# Craftsman model 536.79964 questions



## bztguy (Sep 2, 2019)

I just picked a nice running one yesterday. Internet searches turn up nothing on this model #.

1. I'm guessing it's a tecumseh 7 horse on it? Probably an H70 series?

2. The only part it could using replacing is the scraper bar. Any ideas on a part number and source for that?

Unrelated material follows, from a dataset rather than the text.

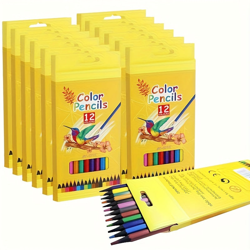 Un set di 12 scatole con 144 matite esagonali pre-affilate, colori e cancellabili per disegno professionale
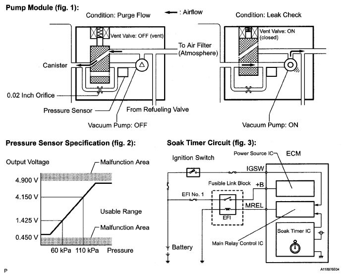 The electric vacuum pump creates negative pressure (vacuum) in the EVAP system, and the pressure is measured. Finally, the ECM monitors for leaks from the EVAP system and malfunctions in both the pump module and purge VSV, based on the EVAP pressure.

3. What vintage is it? Late 70's?

Thanks


----------



## HCBPH (Mar 8, 2011)

Sorry, don't recognize that model. Do you have any pictures of it?
Look on the top of the flywheel cover (under the electric starter button if it has one) and you should find the engine model number.
As far as a scraper bar goes, I've made a few over the years. Get a piece of steel the correct length and width and drill it for the bolts. Only thing is if it has a ridge on the back side, I've welded on some steel rod to take the place of that bend.


----------



## bztguy (Sep 2, 2019)

As a new member I can't post photos I believe. The model number is right off of the deck plate the motor is bolted to. There aren't any markings on the flywheel cover at all where you would normally find them. I'll poke around some more or pull the flywheel cover off and look.


----------



## HCBPH (Mar 8, 2011)

Are you sure on that model number? Looks to be short a digit or two to me.


----------